Things get complicated with NUMA where processors now come with their own memory controller and their local main memory. They still have their private cache. Processors no longer share a bus, but they send messages to one another through a point-to-point communication channel. A message may be routed through multiple hops in a network of processors. This is how HyperTransport works. Furthermore, a socket can actually house two multi-core dies, and on a quad socket system it can create quite an interesting topology.
In order to create the illusion of shared memory, a processor will need to talk to another processor for accessing remote main memory. The longer the hops between processors, the higher the latency. But HyperTransport 3.1 operates at 3.2GHz, so we're still talking about just 1 or 2 CPU cycles. Memory access time clocks in at 20 cycles or more.

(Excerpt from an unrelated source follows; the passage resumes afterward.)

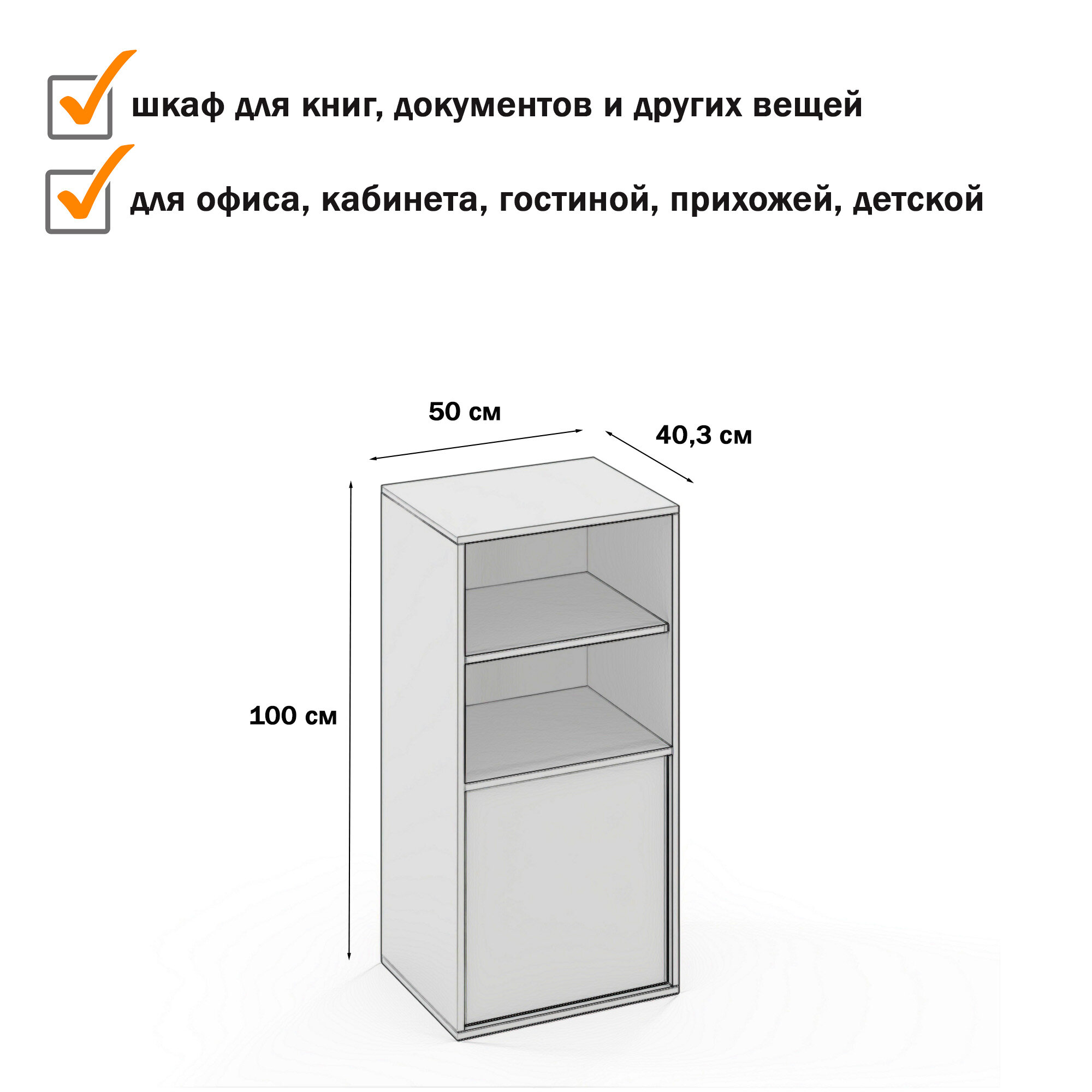 Особенность шкафа – отсутствие ручек, дверцы открываются нажатием. Размеры шкафа: 50x40,3х100 см, это делает его достаточно вместительным и позволяет разместить всё необходимое.

Current generation AMD processor caches both local as well as remote main memory. Cache coherence over HyperTransport is a lot more complicated. If a processor wishes to conduct a transaction and invalidate the caches of other processors, it must send a message to all processors and wait until all of them to respond. This creates a torrent of messages over the HyperTransport link.
A recent feature called HT assist uses parts of the L3 cache to keep a record of which processors' caches need to be invalidated. This reduces the number of messages that need to be sent, increasing effective memory bandwidth.
Having said all this, here is my epiphany: what if we prohibit a processor from caching remote memory? It will only cache local memory, but will answer memory access on behalf of a remote processor from the cache. This would work well because accessing a remote cache over HyperTransport is still faster than accessing local memory. And we can do without the overheads of cache coherence protocol.
Furthermore, as more programs become NUMA aware, their structure would adapt so that they access primarily memory local to the processor, but leverage remote memory access as a mean of communication. Their performance will not be hindered by not caching remote memory, and it frees up the precious bandwidth on HyperTransport to do useful communication.